Please reproduce the lines of the records below from the one holding "Shiny Burgundy Sequins" through the one holding "与 「冰抹茶」 是经典与禅意的碰撞。榛子巧克力的浓郁,被一抹清苦的茶香和芝麻香气温柔化解,为今晚画上圆满句号。", inclusive, skipping all pictures.
START Data provided
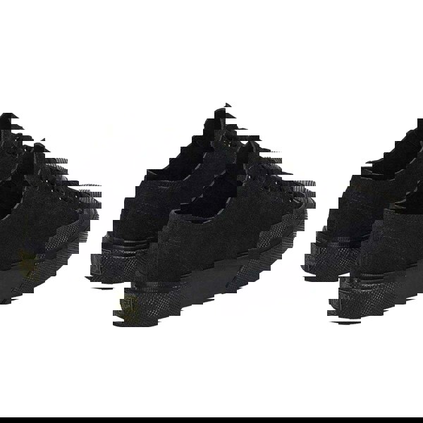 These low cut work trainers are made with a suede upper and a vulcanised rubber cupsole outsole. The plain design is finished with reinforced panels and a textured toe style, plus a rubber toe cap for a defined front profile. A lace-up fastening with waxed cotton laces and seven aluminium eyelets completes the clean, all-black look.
END Data provided
START Data provided
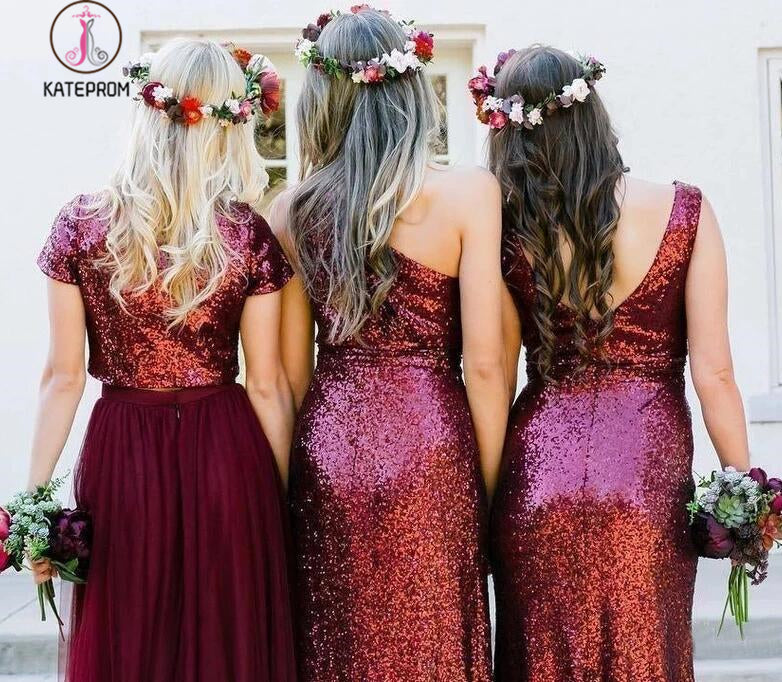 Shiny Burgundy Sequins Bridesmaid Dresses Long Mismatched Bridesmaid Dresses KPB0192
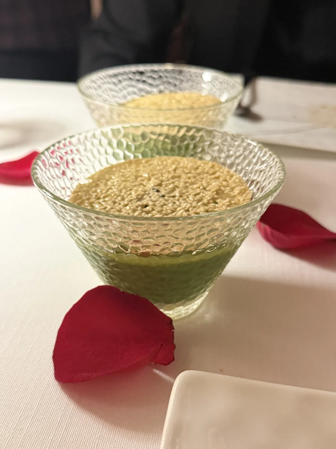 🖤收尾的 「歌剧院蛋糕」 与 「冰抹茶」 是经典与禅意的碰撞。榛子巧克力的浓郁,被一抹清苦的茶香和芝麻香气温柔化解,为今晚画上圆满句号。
END Data provided
Task solution:
 Shiny Burgundy Sequins Bridesmaid Dresses Long Mismatched Bridesmaid Dresses KPB0192
 🖤收尾的 「歌剧院蛋糕」 与 「冰抹茶」 是经典与禅意的碰撞。榛子巧克力的浓郁,被一抹清苦的茶香和芝麻香气温柔化解,为今晚画上圆满句号。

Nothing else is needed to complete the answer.